In a statement, Superdry confirmed that Dunkerton “is engaged in discussions with potential financing partners that may include a possible cash offer” for the entire company. Superdry said the discussions are at a preliminary stage and no decisions have been made.
It added that Dunkerton has until March 1 to make an offer for Superdry, or to announce that he does not intend to make an offer with help from new backers.
First Seagull, a Norwegian fund, had built up a 5.3 percent stake in Superdry, according to company filings. The Times of London reported earlier in the week that the fund is interested in making a bid for the company.

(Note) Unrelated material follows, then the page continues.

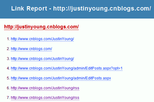 使用鏈接報告功能,開發人員工具會幫你生成一份此頁面的鏈接報表。包含鏈接數量、鏈接地址、是否新窗口打開等信息。不過,具體這玩意有什麼用。我也不知道。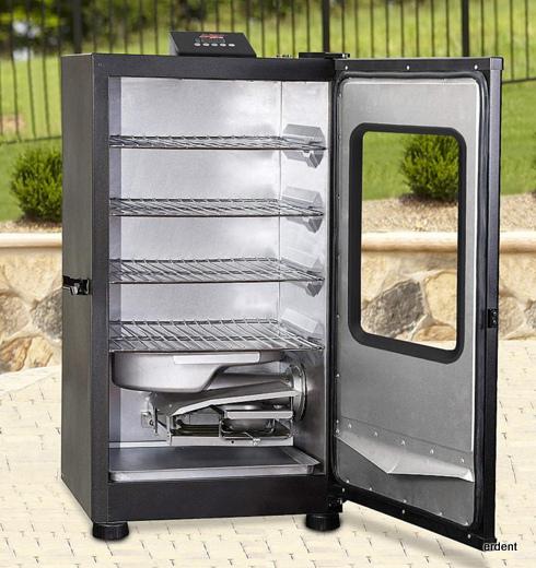 Afumatoarea BBQ Smoker digitalizata poate fi conectata oriunde in aer liber cu existenta de priza electrica (220 V). Arzator de tamaie, 4 gratare, rezervor apa, recipient ptr. picurarea grasimilor. Garantie 2 ani.

Well before the pandemic, Superdry had begun to see a slowdown in growth. It issued a series of profit warnings over the past year and has been the subject of much management drama, with Dunkerton departing as CEO and then returning a year later following a boardroom shakeup.
He has promised to restructure and cut costs. Last month Superdry said it was set to deliver in excess of 40 million pounds in savings in the current financial year, with more than 20 million pounds of those savings already achieved in the first half, which ended on Oct. 28.
The company said it is continuing to explore further “cost-saving options.”
The macro-environment is working against Superdry, which reported a 24 percent decrease in first-half revenue, and a profit before tax of 3.3 million pounds.
Dunkerton blamed shrinking sales on a “challenging consumer retail market, set against a backdrop of macroeconomic uncertainty and some remarkably unseasonal weather.”
He added that wholesale sales had underperformed in the period following the company’s decision to exit its U.S. operations and sell its brand rights in non-core territories.
Superdry is not the first British retail brand to fall on hard times. Like fellow high street retailers Jack Wills and French Connection, it enjoyed a long period of popularity, but then the audience grew up and moved on.
Similar to Jack Wills and French Connection, Superdry was also crushed under the wheels of international fast-fashion giants Inditex, Uniqlo and H&M Group, which are always iterating and seeking to appeal to different audiences and demographics.
Superdry’s designs are also stuck in the brand’s 2000s heyday when the likes of David Beckham and Kate Winslet wore its vintage-y T-shirts with their mix of Japanese and English lettering.
Dunkerton isn’t the only industry captain to explore taking his company private in hard times. Shares in Farfetch spiked briefly last fall after media speculation that founder and owner José Neves was mulling taking the company private.
Not long after, Farfetch entered pre-pack administration. Coupang purchased it, and injected $500 million to keep it afloat.